Top of THE DATA
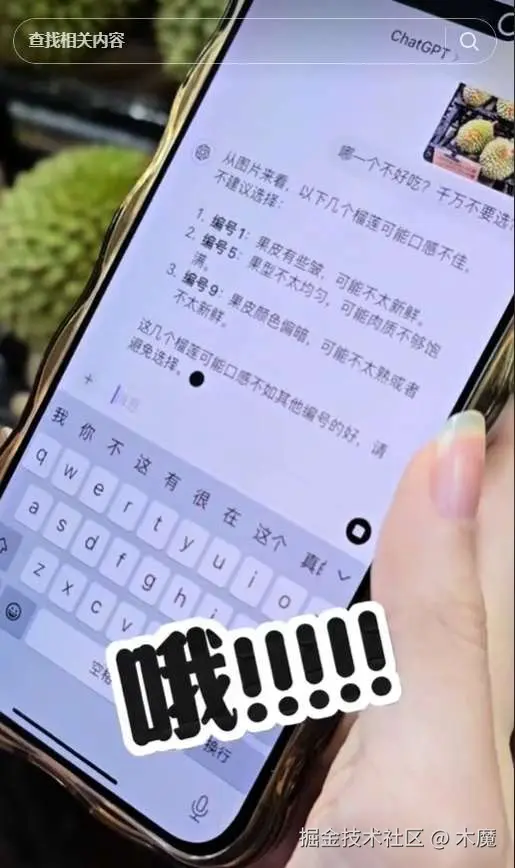玩法1:用chatgpt 帮你挑选榴莲,选西瓜 带壳的瓜果不保熟怎么办,拍个照片丢给chatgpt,让它帮你排雷
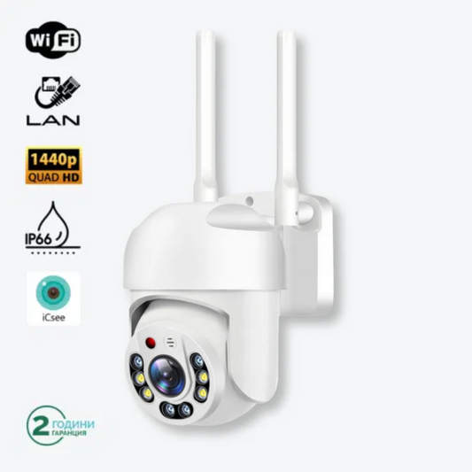 Въртяща IP безжична камера външен монтаж 5MPX с двойна леща
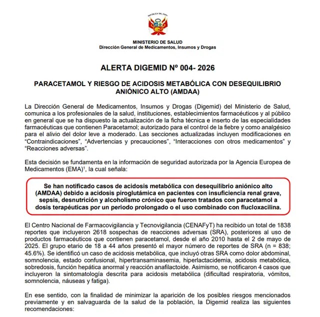 La Dirección General de Medicamentos, Insumos y Drogas (Digemid) emitió la alerta sanitaria N.º 004-2026 por el uso del paracetamol, luego de recibir más de 2.600 reportes de posibles reacciones adversas asociadas a este medicamento entre los años 2010 y 2025.
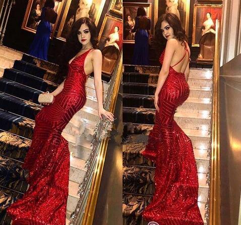 Bling Bling Red Sequins Prom Dresses Sexy Deep V Neck Crisscross Back Mermaid Prom Gowns Long Train Evening Party Dress
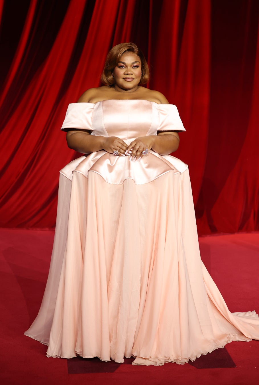 ダヴァイン·ジョイ·ランドルフは、ピンクのオフショルダーダブルレイヤーシルクガウンに3Dプリーツスカート、を着用しました。
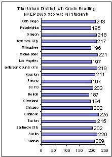 The NAEP released the 2009 Urban District NAEP results recently, which of course was an invitation to go exploring the data. I thought it would be interesting to look at the results for 4th grade reading.
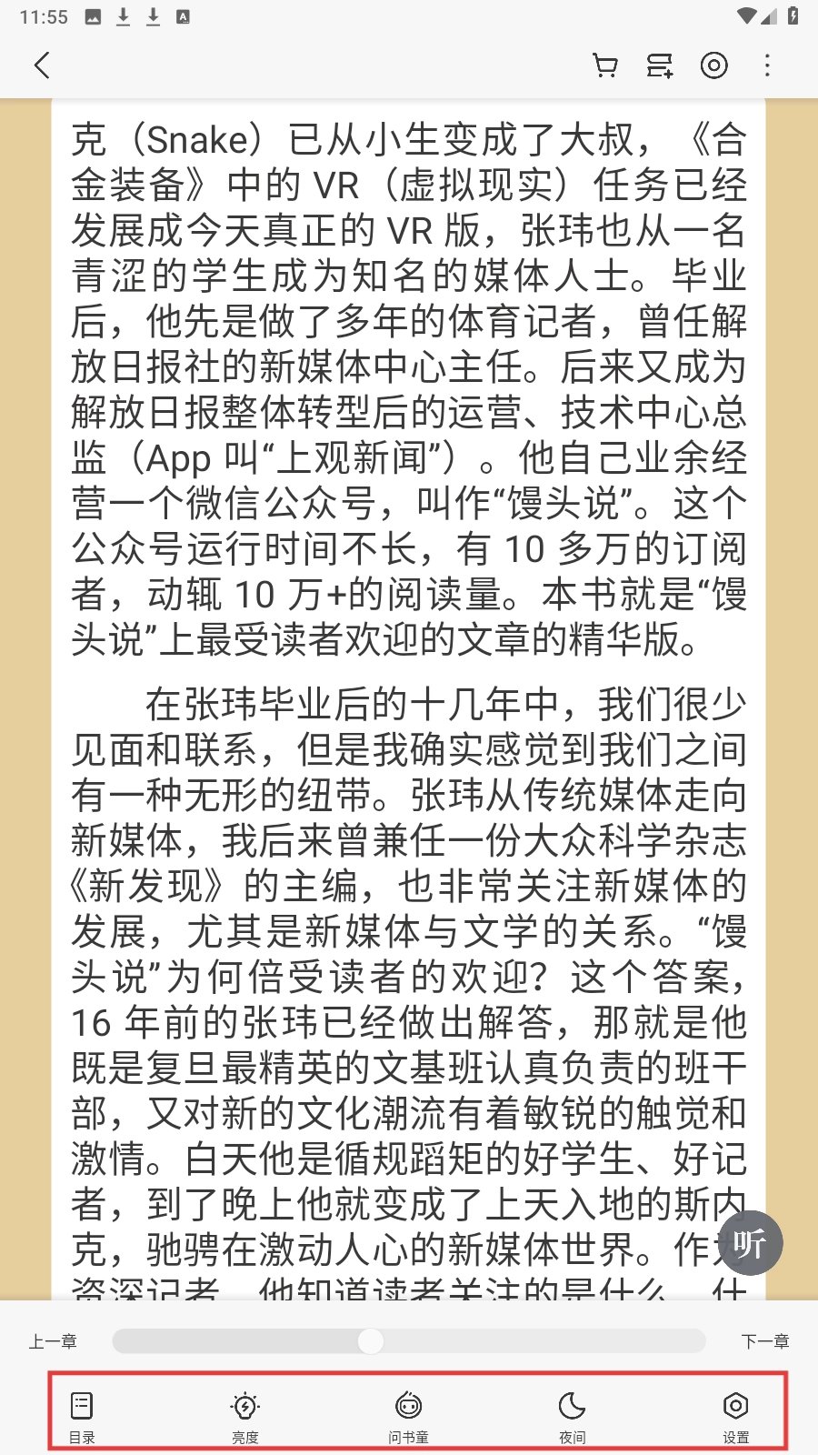 在阅读时,你可以点击屏幕下方的功能栏,借助【目录】【亮度】等功能来辅助阅读。
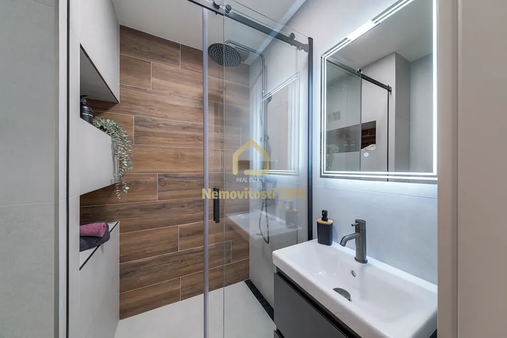 Byt prošel kompletní a velmi pečlivou modernizací, která z něj vytvořila svěží a nadčasový prostor připravený k okamžitému užívání. Dominantou interiéru jsou nové, precizně provedené podlahy s kvalitní vinylovou krytinou, které podtrhují čistý a moderní vzhled celého bytu.
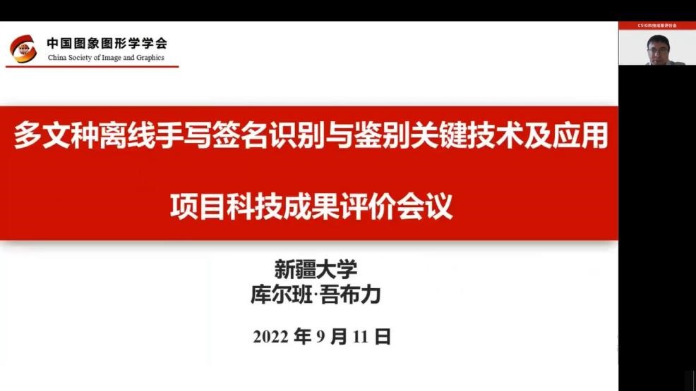 近日,受中国图像图形学学会评价委员会委托,信息学院库尔班·吾布力教授团队《多文种离线手写签名识别与鉴别关键技术及应用》成果评价会议在线上举行。中国科学院梅宏院士、中国工程院桂卫华院士、中国工程院吾守尔·斯拉木院士、中科院自动化所刘成林副所长,北京理工大学王涌天教授、北京科技大学马惠敏教授、中山大学赖剑煌教授,华南理工大学金连文教授、南京信息工程大学刘青山教授,北京大学彭宇新教授出席评价会,会议由国家杰青、南京信息工程大学刘青山教授主持。
Bottom of THE DATA
--- ACTIVITY ---
Where a picture appears in the records above, omit it, and transcribe exactly the stretch of lines from the one with "Bling Bling Red" through the one with "The NAEP released".

--- SOLUTION TO THIS PROBLEM ---
 Bling Bling Red Sequins Prom Dresses Sexy Deep V Neck Crisscross Back Mermaid Prom Gowns Long Train Evening Party Dress
 ダヴァイン·ジョイ·ランドルフは、ピンクのオフショルダーダブルレイヤーシルクガウンに3Dプリーツスカート、を着用しました。
 The NAEP released the 2009 Urban District NAEP results recently, which of course was an invitation to go exploring the data. I thought it would be interesting to look at the results for 4th grade reading.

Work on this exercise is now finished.